I saw some posts about potentially having a 'read' command, but it doesn't
appear to be implemented yet.

No, it's not yet, but that would indeed be a good thing to have. I
don't think we have a tracker ticket for that yet iirc, would you mind
filing one at http://tracker.icir.org, describing what you'd like to
see (and if you're up for it, perhaps even summarizing the earlier
discussion?)

(Note the tracker is currenlty reporting some errors while we are
moving things to a new server; filing tickets is however working).

I am really trying to understand how to modify a few things that are being
done by the broctl scripts.

Likewise, can you describe in a bit more detail what you'd like to
do/see? We are planing to add a plugin interface to BroCtl, hopefully
in time for the next release, that will allow to have custom code
executed before/after any of the commands is run. We have a ticket for
that: http://tracker.icir.org/bro/ticket/370. Feel free to add more
thoughts to it. (The link to the proposal mentioned in the ticket is
currently not public, again because we're working on the
infrastructure; but here's a copy:
Bro Control Plugin Interface)

Robin

This is actually currently partially implemented in a branch. The problem with it is that it brings up a lot of questions about how it should work and how things should be handled from within BroControl. What I would personally like to see (but probably won't happen initially) is clustered tracefile processing.

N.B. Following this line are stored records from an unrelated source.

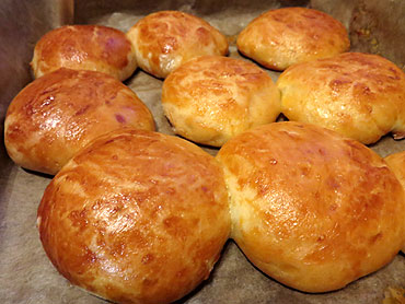 der Pampuschki mit dem Eigelb bestreichen und danach noch weitere 50 min gehen
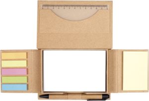 Incluye: block de hojas blancas, regla plástica transparente, 5 señaladores de colores, post-it, bolígrafo de cartón con punta, clip y pulsador de plástico negro.
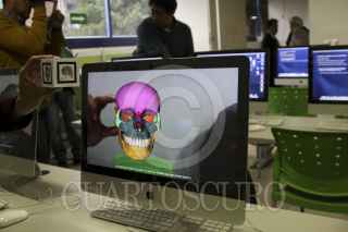 CIUDAD DE MÉXICO, 31OCTUBRE2016.- José Arturo Fernández, director de la facultad de Odontología de la Universidad Nacional Autónoma de México, presentó las salas de realidad virtual y realidad aumentada en dicha facultad. Dicho proyecto es producto del nuevo plan de estudios implementado por la universidad para un alto uso de contenido tecnológico para un mejor aprovechamiento en el ámbito de aprender-aprender. La nueva tecnología funciona con lentes 3D, en las salas de realidad virtual, y con un cubo inteligente, en las de realidad aumentada, el cual se encarga de la proyección de las diferentes huesos y partes del cráneo, así como los dientes. FOTO: GALO CAÑAS /CUARTOSCURO.COM
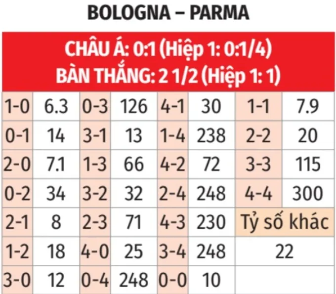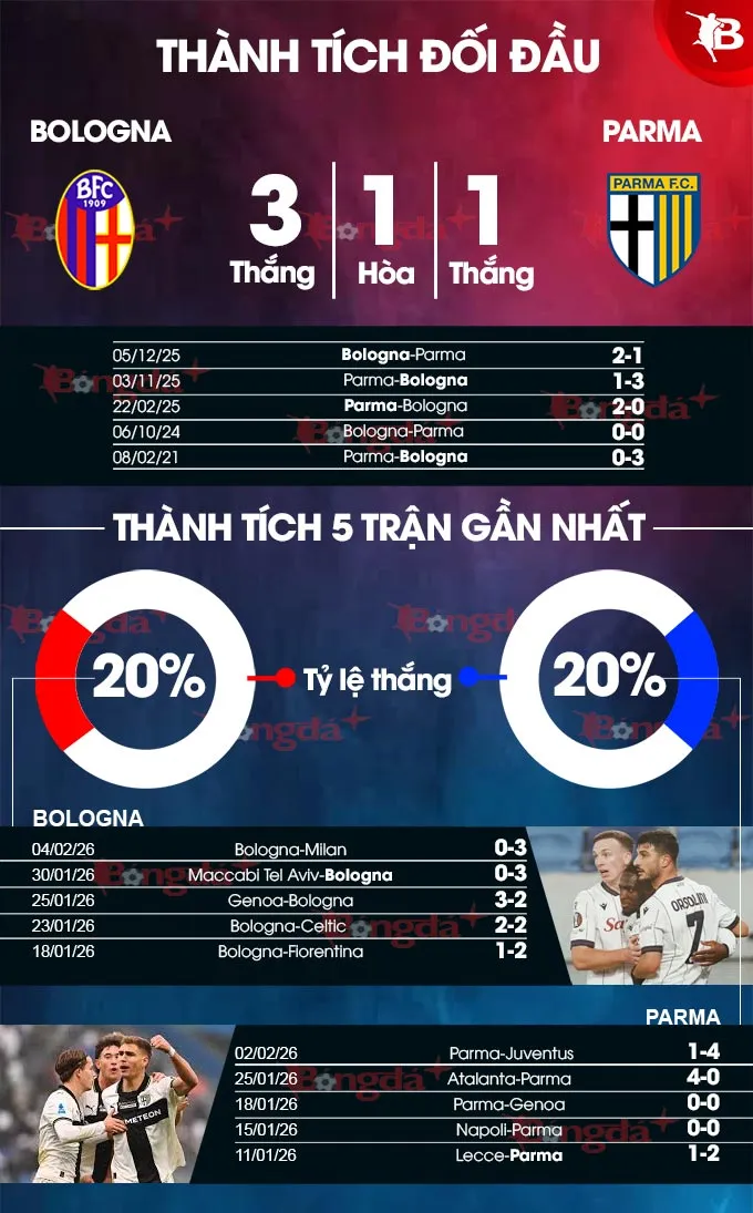 Sức mạnh sân khách của Parma là điểm sáng. Trong 6 chuyến làm khách gần nhất, họ chỉ thua 1, hòa 2 và thắng tới 3 trận. Với hành trang này, Parma hoàn toàn có thể nuôi tham vọng rời sân Bologna với ít nhất một điểm.
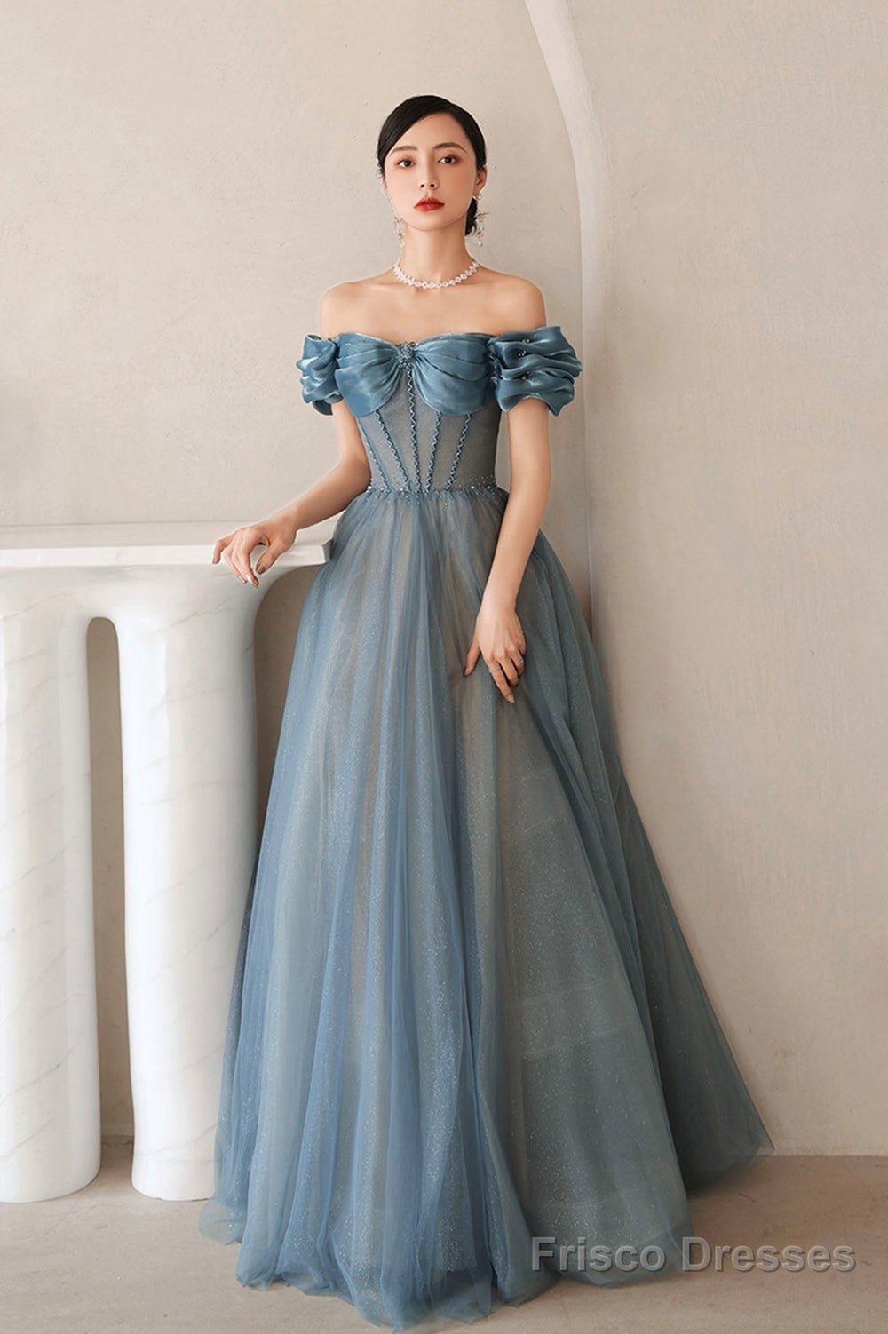 Blue Tulle Long A-Line Prom Dress, Elegant Off The Shoulder Formal Evening Dress
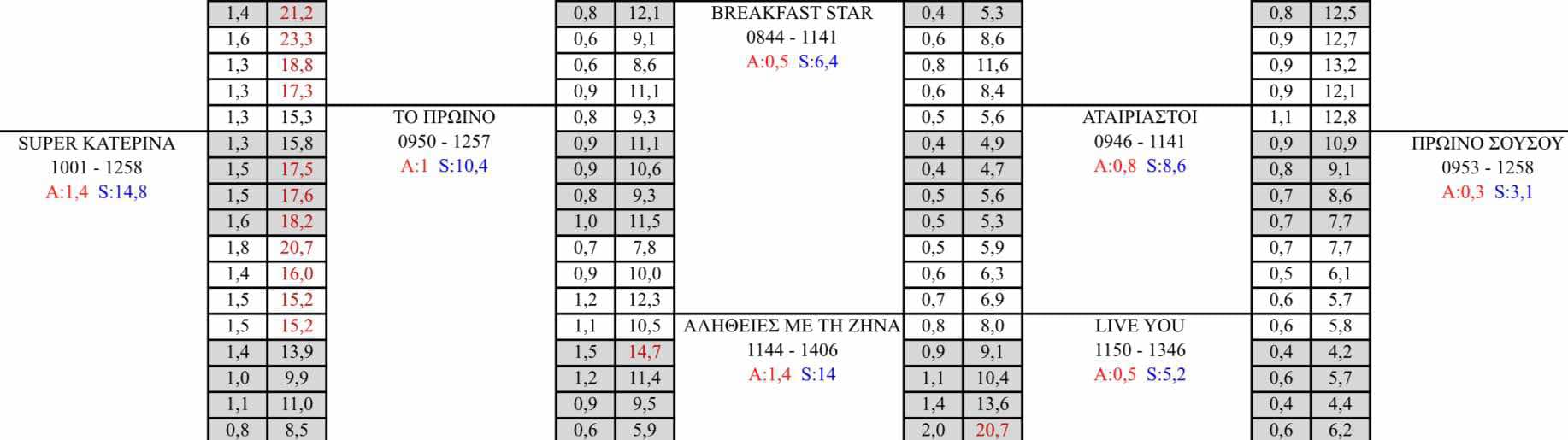- Πάμε τώρα στην χθεσινή ημέρα. Η Καινούργιου μετά απο πολλές ημέρες ανέβηκε στην πρώτη θέση με την Σκορδά να πλασάρεται στην δεύτερη θέση και τους άλλους… να πέφτουν πολύ.
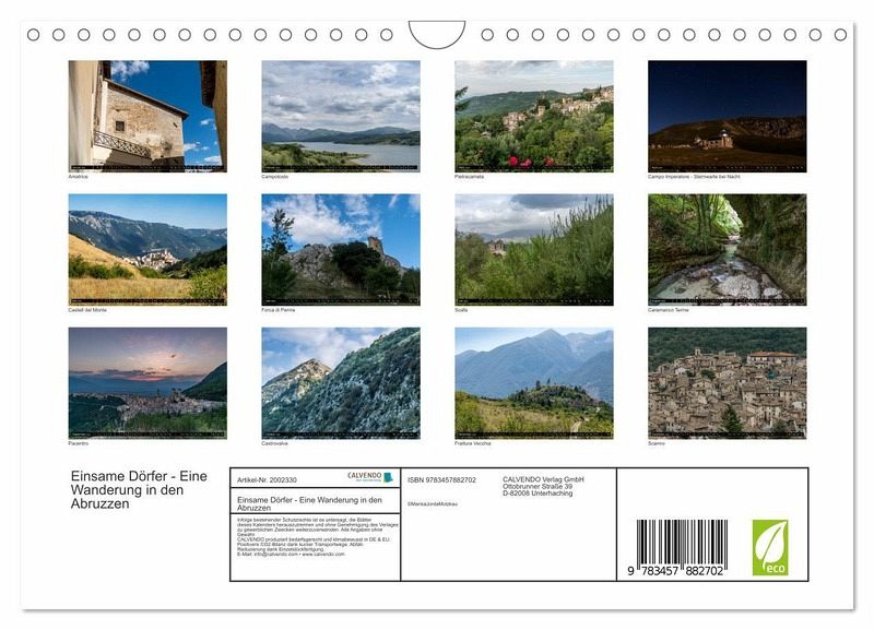 QUALITÄT - Hochwertiger Fotokalender mit 12 wunderschönen Motiven auf lichtbeständigem Bilderdruckpapier, robuste Spiralbindung mit Aufhängebügel.NACHHALTIG - deutliche Abfallreduzierung durch bedarfsgerechte Einzelstückfertigung, umweltfreundliches FSC-zertifiziertes Papier, Produktion in Deutschland, klimabewusste Logistik.PERFEKTES GESCHENK - Kalender für Freunde und Familie, für Kinder und Erwachsene, jung und alt, zu Weihnachten, Geburtstag oder zwischendurch.VIELFALT - Bildkalender in verschiedenen Formaten, z.B. DIN A5, DIN A4, DIN A3 sowie DIN A2. Ob Naturmotiv, Gemälde oder Fotos, ideal für ein persönliches Wohlfühlambiente.Begleiten Sie uns auf eine Wanderung durch die Abruzzen. Von Amatrice bis nach Scanno und Sulmona. Die Abruzzen sind ein eher unbekanntes und einsames Wandergebiet östlich von Rom. von Autor(in): Marisa Jorda Motzkau
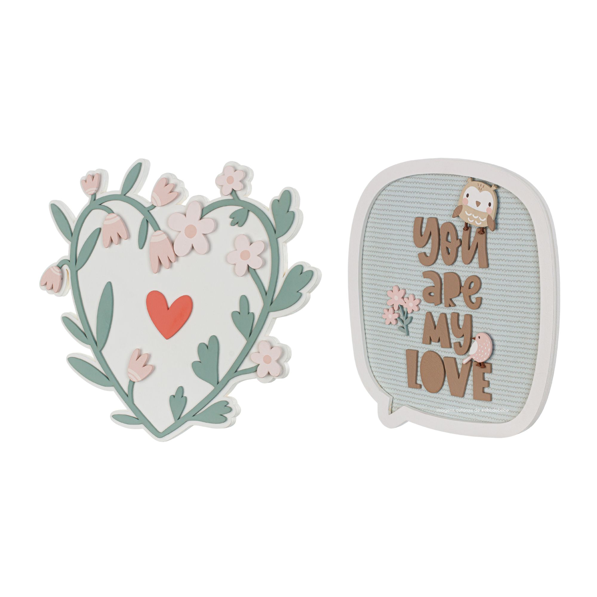 O kit permite criar uma composição charmosa na parede, trazendo identidade e afeto ao ambiente. Cada peça é pensada para transformar a decoração de forma leve e harmoniosa.

Once we figure out a way forward on the read command, we can get it finished and integrated. Please file the ticket still if you don't mind. If you could be especially explicit about what features you need/want or how you'd like it to work, that would be a huge help.

Thanks!
  .Seth

I saw some posts about potentially having a ‘read’ command, but it doesn’t
appear to be implemented yet.

No, it’s not yet, but that would indeed be a good thing to have. I
don’t think we have a tracker ticket for that yet iirc, would you mind
filing one at http://tracker.icir.org, describing what you’d like to
see (and if you’re up for it, perhaps even summarizing the earlier
discussion?)

(Note the tracker is currenlty reporting some errors while we are
moving things to a new server; filing tickets is however working).

I would be happy to create a new ticket for the feature with additional info. This is a ticket from six months ago that is fairly close to what I would be requesting.

http://tracker.icir.org/bro/ticket/273

Should I create a new one or add to this?

I am really trying to understand how to modify a few things that are being
done by the broctl scripts.

Likewise, can you describe in a bit more detail what you’d like to
do/see? We are planing to add a plugin interface to BroCtl, hopefully
in time for the next release, that will allow to have custom code
executed before/after any of the commands is run. We have a ticket for
that: http://tracker.icir.org/bro/ticket/370. Feel free to add more
thoughts to it. (The link to the proposal mentioned in the ticket is
currently not public, again because we’re working on the
infrastructure; but here’s a copy:
http://www.icir.org/robin/tmp/broctl-plugins.html)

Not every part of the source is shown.